Syntax highlighting is a waste of an information channel (2020)

https://buttondown.com/hillelwayne/archive/syntax-highlighting-is-a-waste-of-an-information/

Syntax highlighting is a waste of an information channel

No newsletter next week Running the TLA+ workshop. No way I'm gonna have any brainpower after that. Syntax highlighting is a waste of an information channel...

Computer Things

I guess I may be an outlier here but I don't find any of those examples motivating at all. They make it harder for me to see the structure of the code at a glance.

Also I think it's a bit off the mark to think of it as being a wasted information channel. Redundancy is a feature of human languages, because our languages are not optimizing solely for density. A bit of redundancy helps our brains pattern match more consistently, almost like a form of forward error correction. Syntax highlighting is like that, at least for me, where it makes a big difference in seeing the structure at a glance, and more overly complex coloring rules thwart that for me. Like I don't want to be trying to match up rainbow shades of parens.

In my experience, the biggest wins in syntax highlighting come from just a few wins: make comments a different color, make strings a different color, and if you've got something like shell where strings can contain embedded variable references, pop those variable references into a different color.

One of the big problems with a lot of the examples here is that, well, I spend most of my time on multimillion line codebases. If you want to pop stuff out to me, showing it in a different color is useless because it's not on the same screen; no, the way you give it to me is a macro that takes me to the next location of the thing of interest. And with a macro that lets me move to points of interest... the use of color is entirely redundant.

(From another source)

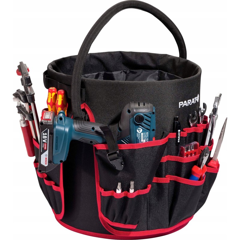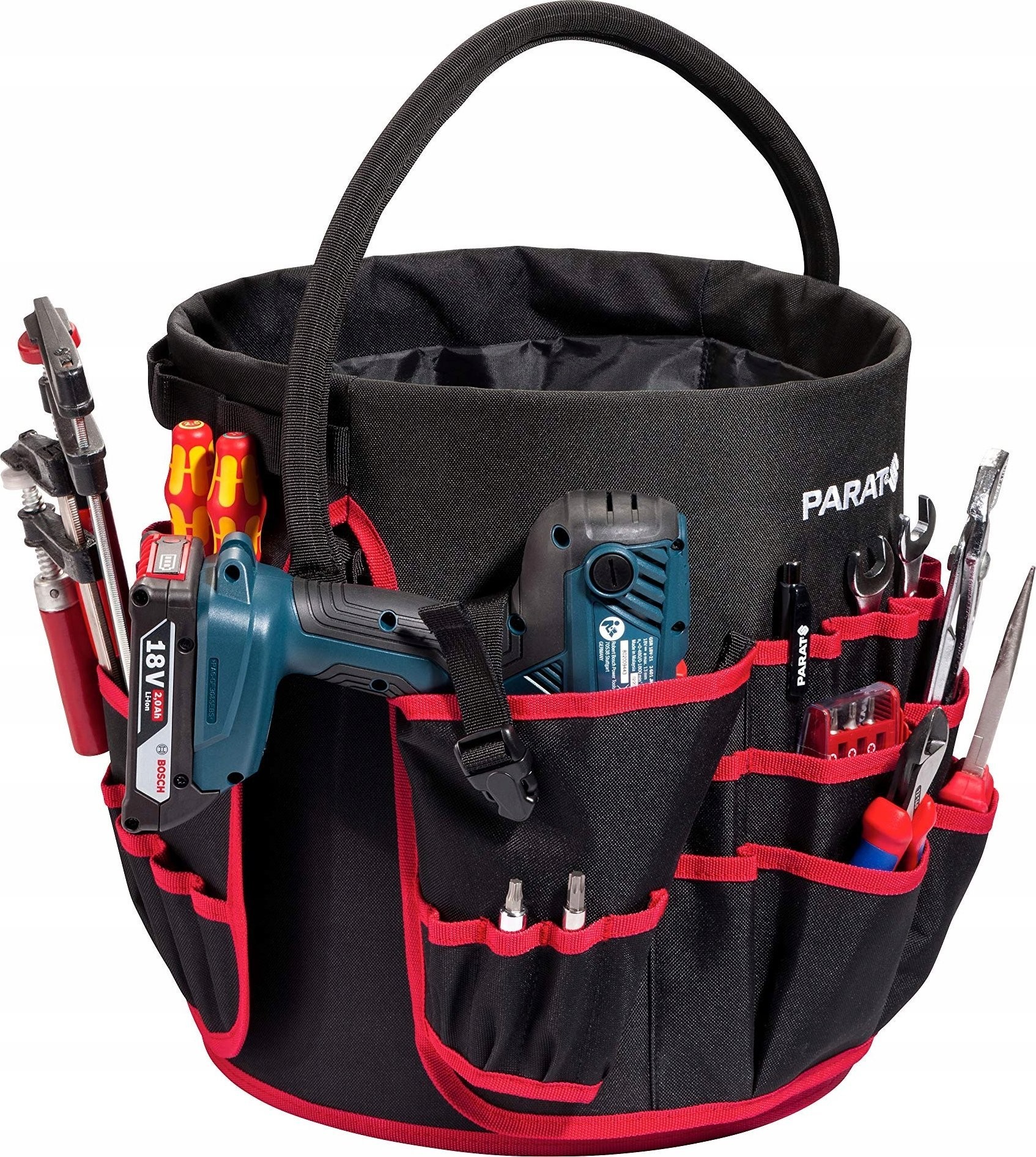 - nazwa przedmiotu: PARAT Basic Tool Bucket torba na narzędzia (ok. 50 narzędzi, kieszenie wewnątrz i na zewnątrz, pasek na ramię) 5990831991, czarna

I 80% agree with this, but I've also gotten a lot of mileage out of Emacs hi-lock mode. The simplest thing I always want: whatever symbol I'm pointing at right now, highlight everywhere (so I can trace it through the code quickly); more generally, I want to highlight an arbitrary regex, so for instance when I'm auditing a codebase for authorization, I quickly spot the functions that aren't following the same authorization patterns as all the others.